La relación comercial entre México y Estados Unidos atraviesa una metamorfosis histórica. El mercado estadounidense ha dejado de ver a su vecino del sur únicamente como un proveedor de vehículos, piezas automotrices o electrodomésticos tradicionales. Hoy en día, el territorio mexicano se consolida a pasos agigantados como un centro estratégico para el suministro de bienes de alta tecnología, que incluyen desde servidores y computadoras hasta sofisticados dispositivos médicos y sistemas de telecomunicación.
Esta evolución responde a una reconfiguración de la producción en Norteamérica, impulsada por el auge de tecnologías vinculadas a la inteligencia artificial (IA) y la pérdida de dinamismo en el sector manufacturero estadounidense. Según registros de la Oficina del Censo de los Estados Unidos, las importaciones de Productos de Tecnología Avanzada (ATP, por sus siglas en inglés) provenientes de México rozaron los 78,000 millones de dólares en los primeros cinco meses de 2026. Este incremento representa un repunte anual del 43%, posicionando a México por encima de toda la Unión Europea en este rubro, y solo por detrás de Vietnam.
Información y Comunicaciones: El Núcleo del Crecimiento

El abanico de alta tecnología que Estados Unidos adquiere abarca diversas áreas, pero el verdadero motor de este auge se encuentra en el sector de la información y las comunicaciones. Esta categoría engloba dispositivos esenciales para el procesamiento, almacenamiento y transmisión de datos, tales como redes informáticas, unidades de memoria y componentes de computación.
En este segmento específico, las compras estadounidenses a México alcanzaron los 63,750 millones de dólares durante el periodo de enero a mayo de 2026, una cifra solo superada a nivel global por Taiwán. El resto del portafolio tecnológico mexicano muestra una diversificación gradual pero constante: la electrónica aportó 3,927 millones de dólares, la optoelectrónica sumó 3,734 millones, el área de ciencias de la vida registró 3,578 millones y el sector aeroespacial superó los 1,600 millones.
Este fenómeno coincide directamente con una reestructuración de los mercados internacionales acelerada por la inteligencia artificial. Investigaciones académicas de la Oficina Nacional de Investigación Económica (NBER) señalan que los bienes ligados a la IA representaron casi una cuarta parte del total de las importaciones estadounidenses, reflejando un crecimiento del 73% en los últimos años. En este escenario, México y Taiwán se han convertido en los pilares fundamentales, al concentrar cerca de la mitad del comercio global de productos asociados a la inteligencia artificial que entran y salen de Estados Unidos.
El Declive Manufacturero Estadounidense como Oportunidad

El terreno ganado por la industria establecida en México también se explica por las dificultades internas que enfrenta la infraestructura productiva de Estados Unidos. Análisis de la Fundación para la Innovación en Tecnología de la Información (ITIF) advierten sobre un persistente déficit comercial en sectores tecnológicos clave para el país norteamericano. Estados Unidos pasó de tener balances positivos en casi la mitad de sus categorías tecnológicas a registrar saldos negativos en prácticamente todos sus segmentos estratégicos. Esta pérdida de competitividad reduce su capacidad para financiar innovaciones locales y debilita sus economías de escala, abriendo una ventana de oportunidad crucial para los proveedores de la región.

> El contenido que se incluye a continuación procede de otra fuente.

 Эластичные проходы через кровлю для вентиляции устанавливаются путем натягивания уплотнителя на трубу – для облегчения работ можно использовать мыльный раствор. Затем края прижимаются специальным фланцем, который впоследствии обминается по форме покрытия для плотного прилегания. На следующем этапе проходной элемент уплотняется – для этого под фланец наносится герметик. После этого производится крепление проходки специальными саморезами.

El Desafío del Valor Agregado y las Condiciones Internas

A pesar del éxito en las cifras de exportación, el modelo actual enfrenta un obstáculo considerable: la retención del valor económico dentro del país. La Organización para la Cooperación y el Desarrollo Económicos (OCDE) señala que casi 34 de cada 100 dólares exportados por México corresponden a valor generado en el extranjero. Esto se debe a que la producción nacional, particularmente en el sector electrónico, mantiene una alta dependencia de maquinaria, componentes y patentes importadas.

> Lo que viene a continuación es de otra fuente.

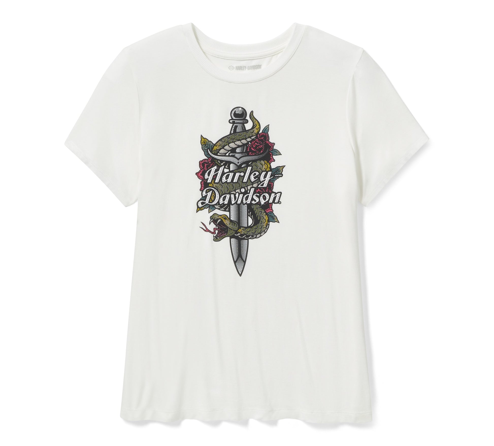 H-D SERPENT ROSE BLING CREW NECK TEE

Expertos en política económica internacional coinciden en que, si bien el país ha transitado con éxito de la maquila básica hacia procesos avanzados como la investigación y el desarrollo de semiconductores, el comercio exterior no basta por sí solo para transformar la economía interna. Para que este auge comercial se traduzca de forma efectiva en un crecimiento sostenido del Producto Interno Bruto (PIB), mejores salarios y un verdadero bienestar social, el siguiente paso dependerá de resolver asignaturas pendientes dentro de las fronteras mexicanas: garantizar energía eléctrica confiable, modernizar la infraestructura logística, ofrecer telecomunicaciones competitivas y elevar la productividad laboral.